Михаила там не было, Михаил кочевал. Не узнав счастья подлинной и внезапной любви, он пережил всю мучительность мимолетных связей. Три года назад, прельщенный розой в зубах Кармен, он, понятное дело, теперь прежде всего прельстился эсерами. Ведь революция только встряхнула, проветрила его, переделать его нутро она не могла. Его прежние фантазии, очищенные от корысти, оставались фантазиями одинокого и обособленного юнца. Испания оставалась Испанией, хотя и подававшейся теперь под доморощенным псевдонимом «земли и воли». Эсеры красиво изъяснялись, и Мишка, когда-то молившийся на таинственный шатобриан-бэарнез, замирал от политических трелей всех присяжных поверенных словоохотливого города. Кроме того, здесь были перспективы выделиться, добиться славы. Кокетливые барышни, покупавшие в магазине Альшванга красные банты и липнувшие взволно­ванными грудями к пыльной дверце автомобиля, в котором сидел один из присяжных поверенных, не лучше и не хуже других, просто человек, нашедший свой «случай», - это было улучшенной разновидностью старых снов Мишки в телефонной будке.

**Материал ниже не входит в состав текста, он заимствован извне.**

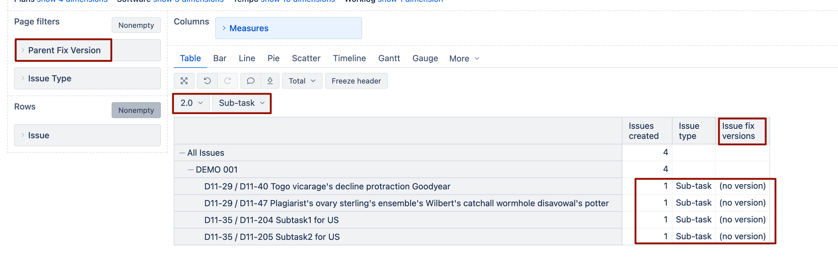 Then use Parent FixVersion to filter the report and issue type dimension page filter set to “Sub-tasks”
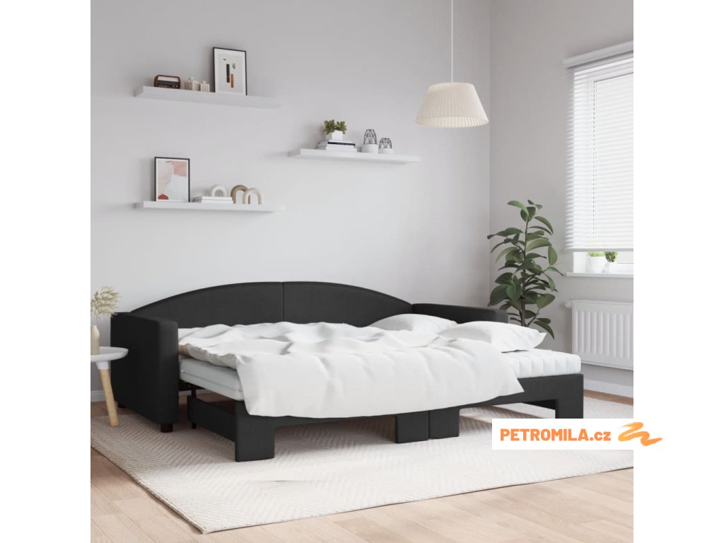 Válenda s přistýlkou a matracemi černá 90 x 200 cm textil

Итак, Михаил стал эсером. Он вошел в эту партию, напоминавшую грандиозный митинг-концерт. Братья разделились. Происходили перебранки, ссоры по программе, хорошо знакомой в то лето и в ту осень всем российским семьям. Усталые от собраний, дома они ограничивались несложной аргументацией «пломбированного вагона» и «наемников Антанты», подкрепляемой обидными словечками из семейного обихода.

Артем твердо стоял на своем. Нельзя того сказать о Михаиле. Ему нравился эсеровский тембр, слова же, поскольку он стал в них разбираться, скорее злили его. Это были зачастую пословицы, произносимые патетично, с дрожью, как прозрения. Его раздражало неизменное запаздывание. Еще барышни липли к автомобилю, но Михаил уже чувствовал вялость последних дней ярмарки. Центр, пока невидимый, явно переместился с Крещатика на окраины, и, думая об этом, Михаил чувствовал, что ненавидит брата. Неужели этот баран оказался находчивей его? Что теперь делать Михаилу? Отправиться на фронт, на старый, трехлетний фронт, противно ноющий, как запущенная опухоль? Нет, ни за что! Протест рождался не от страха, а от скуки: фронт лежал где-то вне революции. Никакие красные значки на штыках «ударников» не могли этого изменить. Тогда оставалось стоять в стороне и ждать, ждать, что придумают другие, хотя бы тот же Артем. Достаточно унизительное положение! «Вы - эсер» звучало так же, как «вы - тумба» или в лучшем случае «вы - житель». История с дарницкой бабой повторялась. Уйти к большевикам? Как будто нужно уйти именно к ним, жизнь там, ничего другого не остается. Но это невозможно. Прежде всего из-за Артема; он усмехнется: «А что же "пломбированный"?..» Но черт с ним, с Артемом! Можно окончательно разругаться. Можно, наконец, уехать куда-нибудь, хотя бы в Москву. Была другая остановка, серьезней Артема. Михаилу не раз приходилось сталкиваться на митингах с еще немногочисленными дооктябрьскими большевиками. Таким образом, он увидел эту партию в ее густом растворе первых лет революции. Он чувствовал, что большевизм требует большего, нежели принятия пунктов программы: люди были другими. И Михаил в душе побаивался большевиков. Он терялся перед их прямотой и оголенностью, как терялся когда-то Мишка перед широкими плечами Темы. В их партию нельзя было заглянуть, зайти проходя, как на митинг. Самое понятие «дисциплины» оскорбляло его. Оно пахло масляной краской гимназических сборных, чадило, как душная лампа казармы. Михаил ходил потерянный. Если бы это практиковалось, он, пожалуй, снес бы в газету объявление: «Ищу партию по себе». Тщетно заходил он на последние митинги, где нехотя второстепенные ораторы еще повторяли опостылевшие всем помпезные фразы. Убеждения не находились.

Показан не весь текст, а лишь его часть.